Abstract 17900: A Common Single Nucleotide Polymorphism Associated With Atrial Fibrillation Modulates Symptomatic Response To Antiarrhythmic Drug Therapy
Introduction: Recent genome wide association studies have identified 3 loci, on chromosomes 4q25 (near PITX2), 16q22 (in ZFHX3), and 1q21 (in KCNN3), that associate with either typical or lone atrial fibrillation (AF). These findings indicate that variable mechanisms contribute to AF susceptibility, and suggest therefore that response to therapy may be genotype-dependent. We tested this hypothesis by determining the relationship between response to conventional antiarrhythmic drugs (AAD) and single nucleotide polymorphisms (SNPs) that predict AF: rs2200733 and rs10033464 at 4q25, rs7193343 in ZFHX3 and rs13376333 in KCNN3.

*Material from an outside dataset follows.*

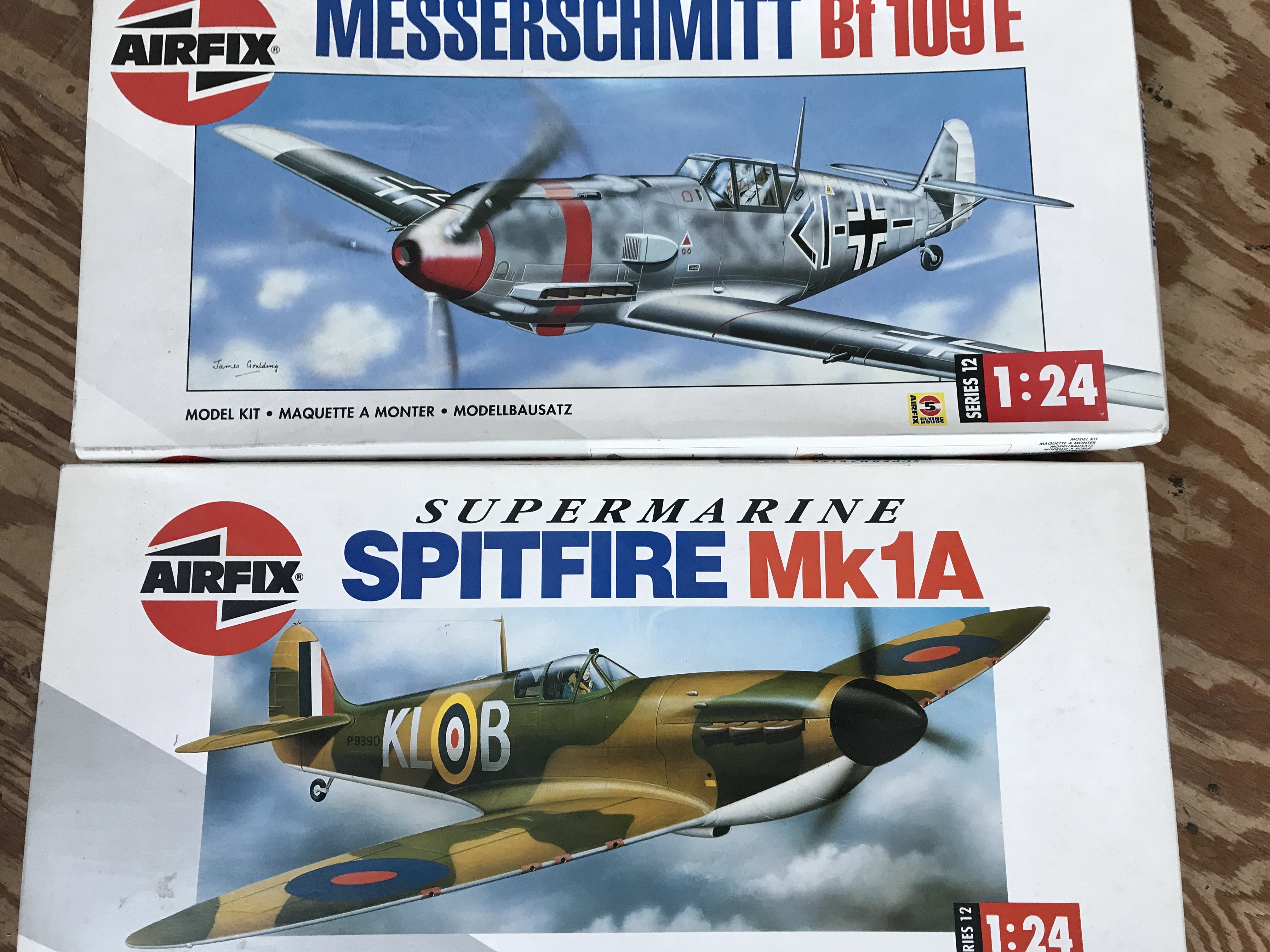2 Boxed Airfix model Kits. A Messerschmitt and Spitfire Both 1/24 Scale.(2).
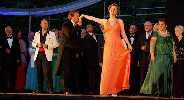 Großes Theater brachte Rekordauslastung auf dem Schloss Die Operette „Die Fledermaus“ war eine der beiden Hauptproduktionen in diesem Jahr. (Foto: Schlossfestspiele)(hr) (sfz) Insgesamt 5.535 Besucherinnen und Besucher haben die zehn Aufführungen und die zwei Generalproben der diesjährigen Spielzeit der Schlossfestspiele Zwingenberg gesehen. Das entspricht einer Rekordauslastung von 75,56 Prozent - noch einmal drei Prozent mehr als 2012 und 21 Prozent mehr als 2011, wo die Schlossfestspiele allerdings auch mit einer extrem verregneten Spielzeit zu kämpfen hatten.

Methods: We studied 340 Caucasian patients (225 men, 115 women; age 64±12 years) prospectively enrolled in the Vanderbilt AF Registry. AAD therapy outcome was defined prospectively as successful if the patient remained on the same AAD therapy for a minimum of 6 months with ≥75% reduction in symptomatic AF burden or non-response if AF burden was unchanged, necessitating a change in drugs or therapy.
Results: Lone AF (age<65 years, no identifiable cause) was present in 82 (24%), and hypertension was the commonest underlying disease in 180 (54%) patients. AF was paroxysmal in 238 (70%) and persistent in the remaining 102 (30%) patients. Of the 340 patients, 294 (86%) were successfully rhythm-controlled. All 4 SNPs were in Hardy-Weinberg equilibrium. Multiple clinical variables (including age, gender, hypertension, lone AF) failed to significantly predict response to AADs. By contrast rs13376333 in KCNN3 was significantly associated with successful rhythm control (odds ratio [OR] 2.01, 1.21-3.33 [95% CI]; P=0.007). This association persisted after correction for multiple clinical factors (OR 1.91, [1.16-3.13]; P=0.01).
Conclusions: These results suggest that a common SNP on chromosome 1q21 associated with incident lone AF modulates response to AAD therapy and points to a potential role for stratification of therapeutic approaches by genotype.
- © 2010 by American Heart Association, Inc.